● **Records**:
- - -

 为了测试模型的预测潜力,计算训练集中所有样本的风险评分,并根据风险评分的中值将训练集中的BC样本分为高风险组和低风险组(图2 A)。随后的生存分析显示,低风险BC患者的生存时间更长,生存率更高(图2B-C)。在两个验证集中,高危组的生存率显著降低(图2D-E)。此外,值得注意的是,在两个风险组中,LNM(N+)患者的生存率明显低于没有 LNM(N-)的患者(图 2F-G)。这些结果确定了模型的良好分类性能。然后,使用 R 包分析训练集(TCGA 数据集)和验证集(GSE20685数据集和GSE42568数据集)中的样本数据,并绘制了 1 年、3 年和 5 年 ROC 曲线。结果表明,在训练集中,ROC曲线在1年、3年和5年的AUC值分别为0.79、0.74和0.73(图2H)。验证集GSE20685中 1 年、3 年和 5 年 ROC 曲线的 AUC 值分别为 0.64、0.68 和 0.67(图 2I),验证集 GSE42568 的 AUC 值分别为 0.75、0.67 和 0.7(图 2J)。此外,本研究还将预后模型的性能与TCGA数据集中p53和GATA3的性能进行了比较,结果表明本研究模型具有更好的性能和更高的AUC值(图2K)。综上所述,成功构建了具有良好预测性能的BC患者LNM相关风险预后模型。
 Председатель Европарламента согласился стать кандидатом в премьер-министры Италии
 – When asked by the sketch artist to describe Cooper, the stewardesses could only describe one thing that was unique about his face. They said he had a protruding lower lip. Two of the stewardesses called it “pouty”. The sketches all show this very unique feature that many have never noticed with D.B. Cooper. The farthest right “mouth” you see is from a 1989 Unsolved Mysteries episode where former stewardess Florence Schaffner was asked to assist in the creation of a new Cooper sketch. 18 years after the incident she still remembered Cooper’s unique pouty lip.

- - -

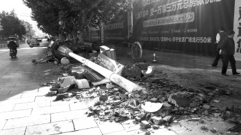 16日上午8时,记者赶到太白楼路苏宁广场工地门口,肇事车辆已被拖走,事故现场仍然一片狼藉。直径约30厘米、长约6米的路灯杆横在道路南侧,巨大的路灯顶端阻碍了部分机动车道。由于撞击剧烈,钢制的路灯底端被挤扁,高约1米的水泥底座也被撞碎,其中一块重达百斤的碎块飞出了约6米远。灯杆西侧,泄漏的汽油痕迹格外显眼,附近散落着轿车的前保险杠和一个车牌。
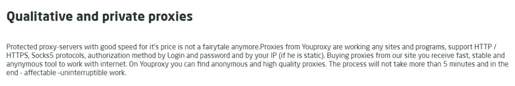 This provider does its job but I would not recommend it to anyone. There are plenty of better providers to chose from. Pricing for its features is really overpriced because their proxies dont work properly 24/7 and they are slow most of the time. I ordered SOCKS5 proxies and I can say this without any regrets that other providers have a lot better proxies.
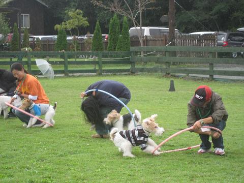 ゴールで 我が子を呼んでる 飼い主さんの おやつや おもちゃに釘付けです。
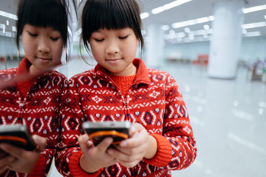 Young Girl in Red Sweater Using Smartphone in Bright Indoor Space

- - -

● **What is required**:
Copy the listing above exactly, but only from the line with "16日上午8时,记者赶到太白" through the line with "ゴールで 我が子を呼んでる 飼い主さんの おやつや おもちゃに釘付けです。", including those two lines and excluding any picture.

● **The answer**:
 16日上午8时,记者赶到太白楼路苏宁广场工地门口,肇事车辆已被拖走,事故现场仍然一片狼藉。直径约30厘米、长约6米的路灯杆横在道路南侧,巨大的路灯顶端阻碍了部分机动车道。由于撞击剧烈,钢制的路灯底端被挤扁,高约1米的水泥底座也被撞碎,其中一块重达百斤的碎块飞出了约6米远。灯杆西侧,泄漏的汽油痕迹格外显眼,附近散落着轿车的前保险杠和一个车牌。
 This provider does its job but I would not recommend it to anyone. There are plenty of better providers to chose from. Pricing for its features is really overpriced because their proxies dont work properly 24/7 and they are slow most of the time. I ordered SOCKS5 proxies and I can say this without any regrets that other providers have a lot better proxies.
 ゴールで 我が子を呼んでる 飼い主さんの おやつや おもちゃに釘付けです。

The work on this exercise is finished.